Version: 11.2.0

Person and relations

In this document is described the pipeline responsible for introducing Person entities into the OpenAIRE graph and for populating the relations that connect persons to other entities: research outputs, organizations, and projects. The pipeline is composed of several sequential steps, each building on the output of the previous one.

Overview

The OpenAIRE graph represents researchers as first-class entities of type Person, identified primarily through their ORCID iD. The construction of this sub-graph involves extracting person profiles, deriving participation and affiliation relations from multiple sources, enriching persons with bibliometric indicators, and finally pruning any person node that remains isolated — i.e., connected to no other entity in the graph.

Step 1 — Extraction of Person Entities and Base Relations

The first step materializes Person entities from the ORCID public data dump and simultaneously derives two types of relations: affiliation to organizations and participation in funded projects.

Person entities are created by mapping each ORCID author profile to the internal Person schema. Every profile is included regardless of whether the researcher has publicly visible works. The entity captures basic biographical information (given name, family name, biography, alternative names), the set of persistent identifiers associated with the researcher (including the ORCID iD itself and any other PIDs declared in the profile), and provenance metadata pointing to ORCID as the data source.

Author–organization affiliation relations (AuthorAffiliation) are derived from the employment records in the ORCID dump.
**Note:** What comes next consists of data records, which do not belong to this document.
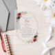 Mit dieser charmanten Babydusche laden Sie Freunde und Familie in Stil und Set zu einem erlebnisreichen Tag ein. Das Design ist bordeauxrot und rot, die Blume sind in Rosa gehalten, die Gärten und der goldene Rahmen.
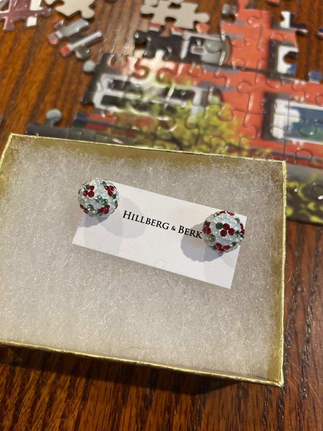 These are a pair of Hillberg & Berk stud earrings. They are in excellent condition and come in their original box, brand new unused
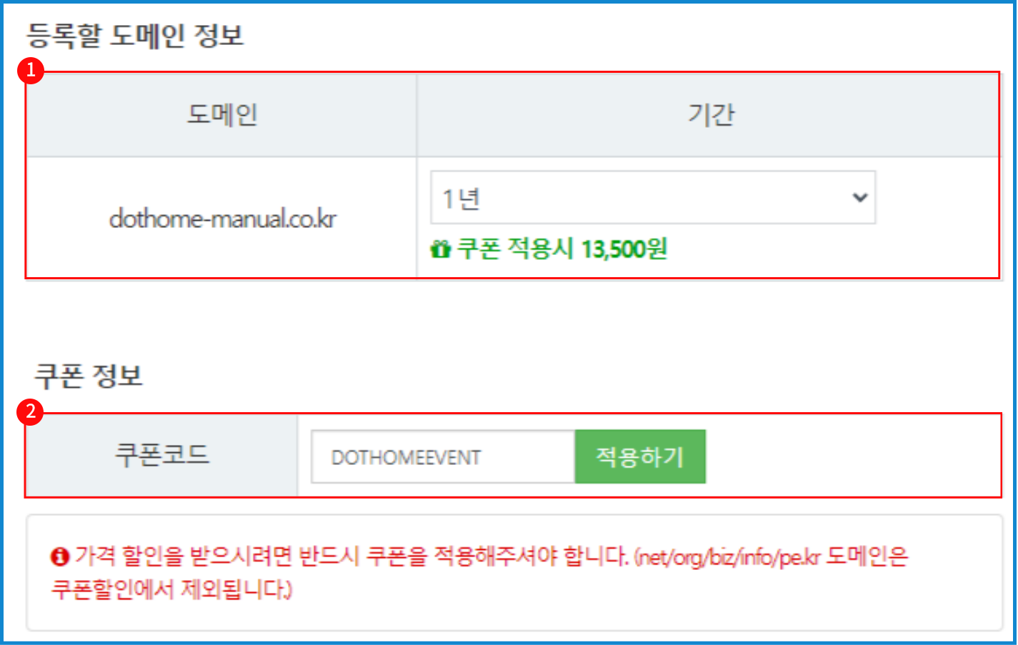 (net/org/biz/info/pe.kr 도메인은 쿠폰할인에서 제외됩니다.)

Only employment records carrying a ROR identifier for the affiliated organization are considered. Where the ROR identifier corresponds to a non-deduped organization in the graph, the relation is redirected to the canonical (merged) organization identifier. Multiple employment records for the same person–organization pair are consolidated into a single relation, with the list of employment periods (start date, end date) deduplicated and merged.

Person–project participation relations (ProjectParticipation) are sourced from the funder database entries that records the participation of ORCID-identified researchers in funded projects. For each record, the person identifier is derived from the ORCID iD and the project identifier is mapped to the internal OpenAIRE project identifier. Where available, the role held by the researcher within the project is also captured.

Step 2 — Propagation of Project Participation through Deliverables

A researcher may participate in a funded project without being explicitly listed in the project metadata, but may nevertheless be an author of a deliverable or technical report that is linked to that project in the graph. This step exploits that signal to infer additional ProjectParticipation relations.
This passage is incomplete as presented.